Caroline Goodwin said she left Mississippi when the state began to show its true colors regarding politics, diversity, education, and other areas. “The more I began to watch what occurred in my state, the more I realized I did not agree with it,” she said. “Not to mention, there are no jobs available for new college graduates if they plan to excel.”

Goodwin is originally from Booneville, Mississippi and now lives in Memphis and works as a marketing project manager in the fashion and apparel industry. She agrees that brain drain is a Mississippi-only problem and would encourage millennials and Generation Z to pay attention to who you elect and educate yourselves about your local officials. “Going into the senate race earlier this year, the brain drain was one of my top issues when educating myself on candidates,” she said, “mainly because, it’s real and it’s an epidemic.”

Andy Harper, Ph.D., director of the Southern Documentary Project and an instructional assistant professor of Southern studies and journalism at the University of Mississippi, said he believes the first problem begins with education. 

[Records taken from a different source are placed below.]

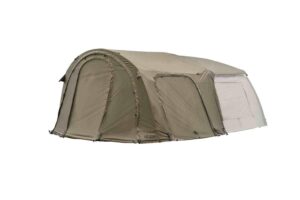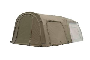 The Trakker Tempest 200 Skull Cap creates a peak to the front of the Tempest 200, which gives greater protection from the rain without compromising the view of the lake. Not only will the Skull Cap give additional protection from the weather, it also adds a second skin to the top of the shelter to combat condensation and retain heat, and unlike a full overwrap, it can be left in place when the bivvy is packed down.
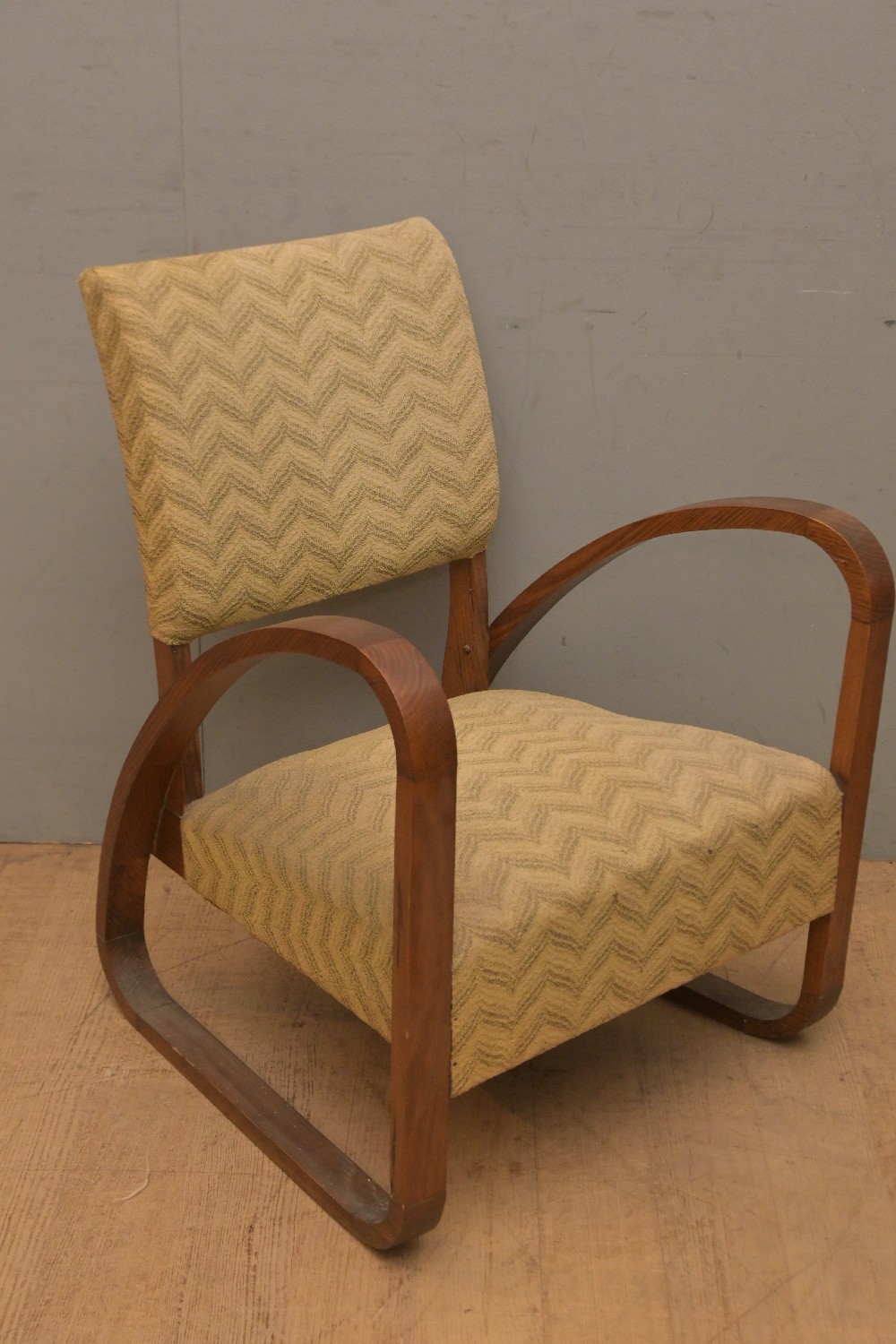 AN ART DECO UPHOLSTERED ARMCHAIR (A/F) (76H X 57W X 60D CM) (LEONARD JOEL DELIVERY SIZE: LARGE)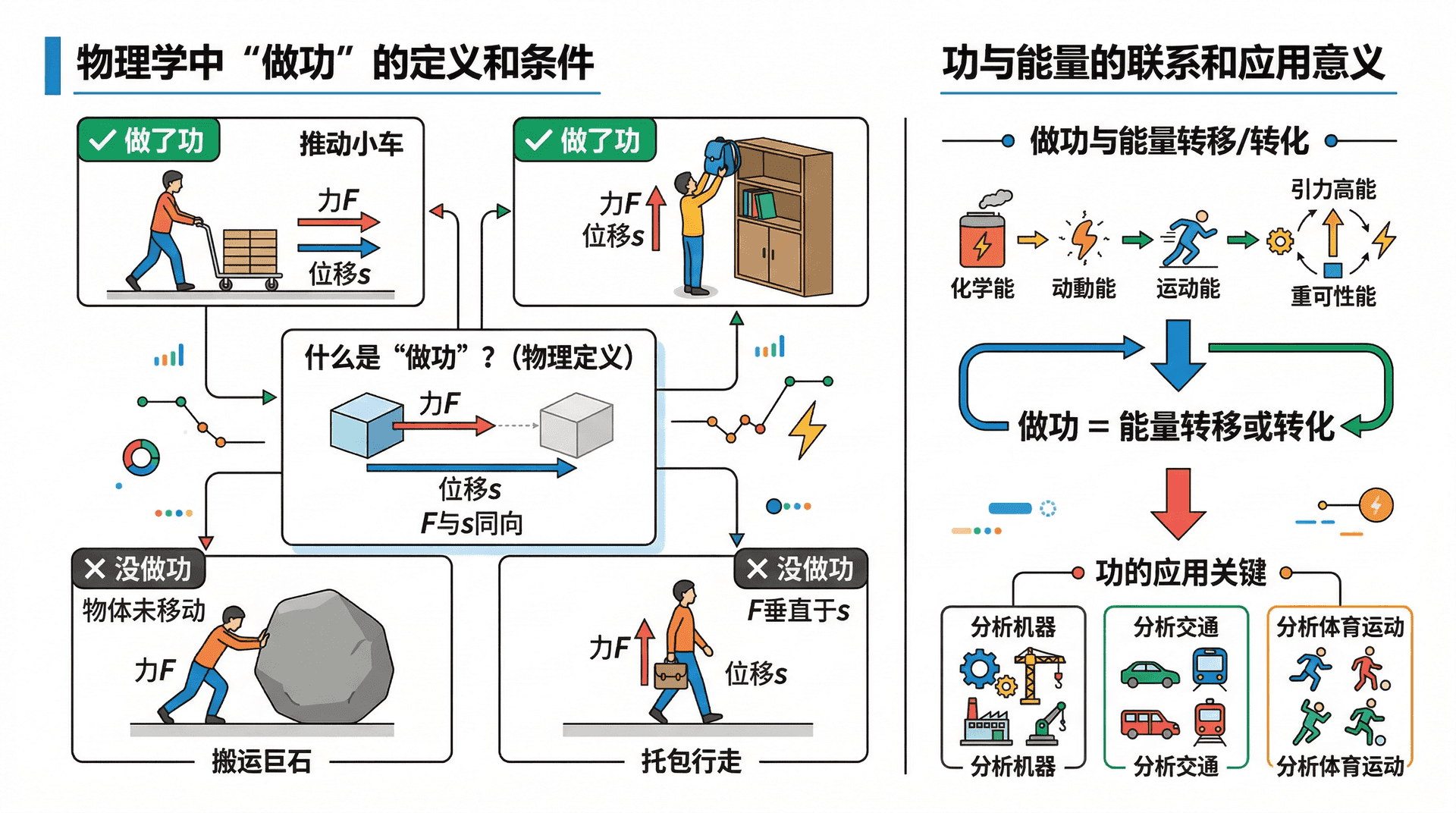 功和能量密切相关。做了功,就意味着能量发生了转移或转化。理解功是理解能量的第一步,也是分析机器、交通、体育运动中许多现象的关键。

“Education will always be top of my list when it comes to our shortcomings,” he said. “And with the recent political attacks on public education in this state – attempts to redirect public education funding to private and charter schools, demoralizing or non-existent raises for teachers – I don’t see much chance of that getting better,” he said. “And since the overwhelming majority of Mississippi’s students go to public schools, there is the very real chance that the next generation of young professionals will stay away. There is no question that Mississippi’s poor educational outcomes have pushed potential high paying jobs to other states.”

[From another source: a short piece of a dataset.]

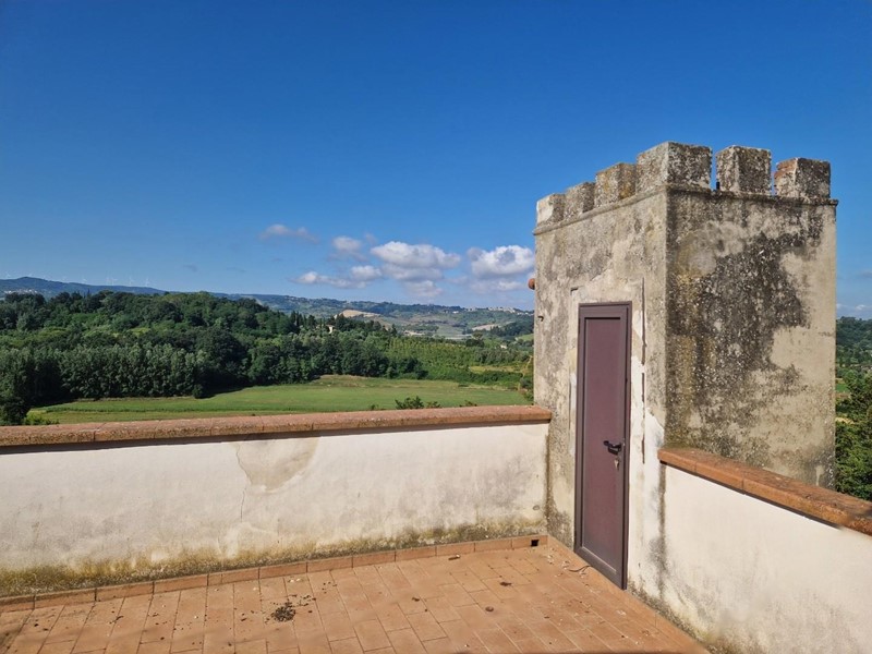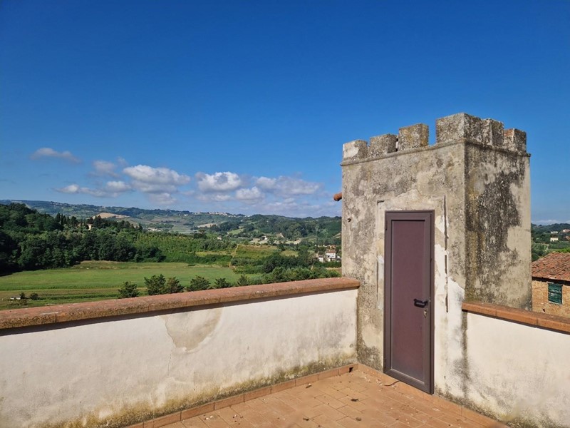 Nel comune di Terricciola, nel piccolo e grazioso borgo di SOIANELLA , l'agenzia Immobiliare Il Sole, propone IN VENDITA IN ESCLUSIVA un ampio terra tetto svolto su tre piani collegati da scala interna, al piano terra troviamo locali attualmente adibiti a magazzino caratterizzati da stupende volte; al piano primo troviamo doppio soggiorno di cui uno con bellissimo camino e con accesso alla terrazza da cui si può ammirare uno stupendo panorama sulle colline pisane, cucina-pranzo con camino, collegata anch'essa alla terrazza, disimpegno, camera matrimoniale e bagno; al piano secondo troviamo tre ampi locali/soffitte con travi a vista e stupenda terrazza panoramica, l'immobile ha una bellissima e particolare torretta.
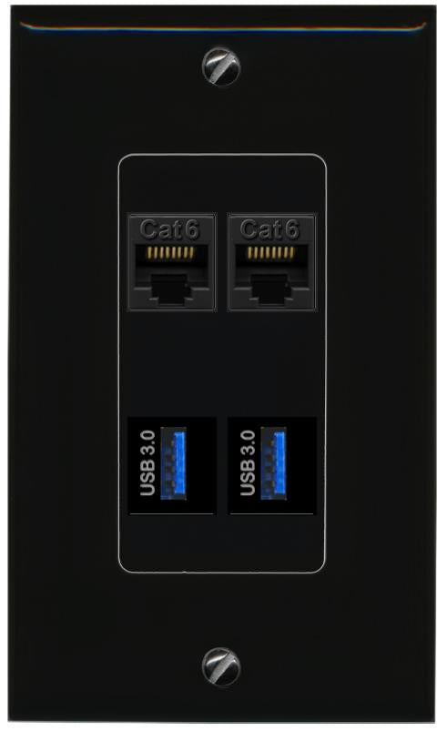 RiteAV 2 CAT6 2 USB-3 Wall Plate Decorative [Black]

Harper is originally from Mississippi, but pursued his doctorate in Arizona. “Mississippi won’t move forward until the next generation of policy-makers decides it’s time to do so,” said Harper. “The first thing we need to do is quit being defensive about the obvious truths that others lob at us. Mississippi is dead last in almost any measurable statistic. That doesn’t mean you wallow around in the negativity, but if you don’t confront the issues that make us last, there is no hope of fixing them. And if we don’t at least begin to address the most glaring problems, we will continue losing our best and brightest.”

Harper’s son attends college out of state. “I’ll tell him the same thing I tell students I teach here: Go out and save the world, but save some for Mississippi, because we need some saving too,” he said.